What is expected
Below is a listing; write it out exactly and drop any images from it.

Data below
- - - - -
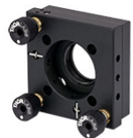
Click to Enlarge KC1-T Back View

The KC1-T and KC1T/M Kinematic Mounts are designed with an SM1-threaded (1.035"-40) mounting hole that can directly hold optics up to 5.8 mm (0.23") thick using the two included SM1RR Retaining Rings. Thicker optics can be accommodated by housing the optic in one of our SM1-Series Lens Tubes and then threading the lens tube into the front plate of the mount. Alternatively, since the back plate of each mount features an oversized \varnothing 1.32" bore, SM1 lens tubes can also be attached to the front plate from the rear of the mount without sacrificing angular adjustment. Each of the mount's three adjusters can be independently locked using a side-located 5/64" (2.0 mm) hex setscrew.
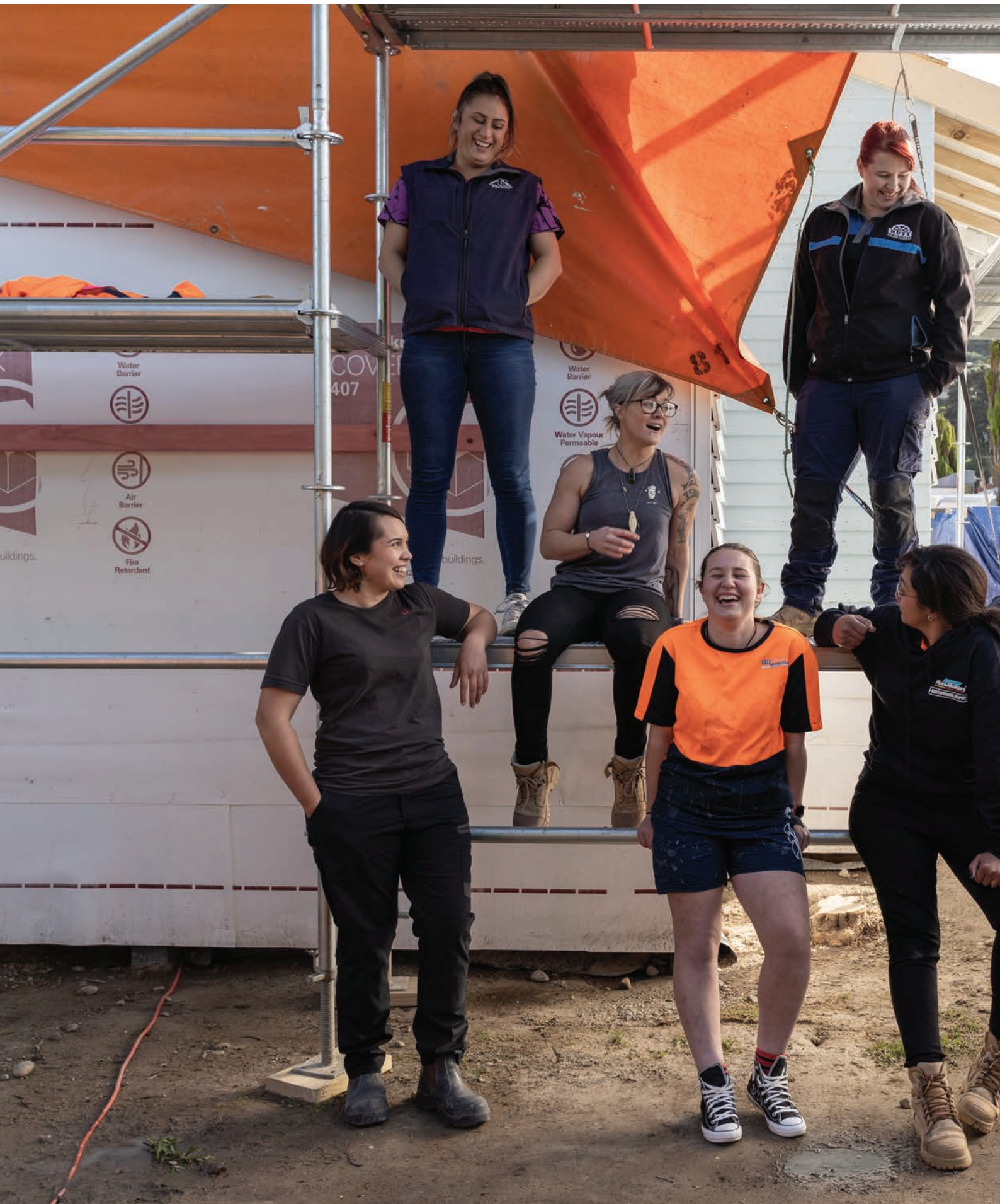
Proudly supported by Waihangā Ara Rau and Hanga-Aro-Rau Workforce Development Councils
- - - - -
Task response
Click to Enlarge KC1-T Back View

The KC1-T and KC1T/M Kinematic Mounts are designed with an SM1-threaded (1.035"-40) mounting hole that can directly hold optics up to 5.8 mm (0.23") thick using the two included SM1RR Retaining Rings. Thicker optics can be accommodated by housing the optic in one of our SM1-Series Lens Tubes and then threading the lens tube into the front plate of the mount. Alternatively, since the back plate of each mount features an oversized \varnothing 1.32" bore, SM1 lens tubes can also be attached to the front plate from the rear of the mount without sacrificing angular adjustment. Each of the mount's three adjusters can be independently locked using a side-located 5/64" (2.0 mm) hex setscrew.
Proudly supported by Waihangā Ara Rau and Hanga-Aro-Rau Workforce Development Councils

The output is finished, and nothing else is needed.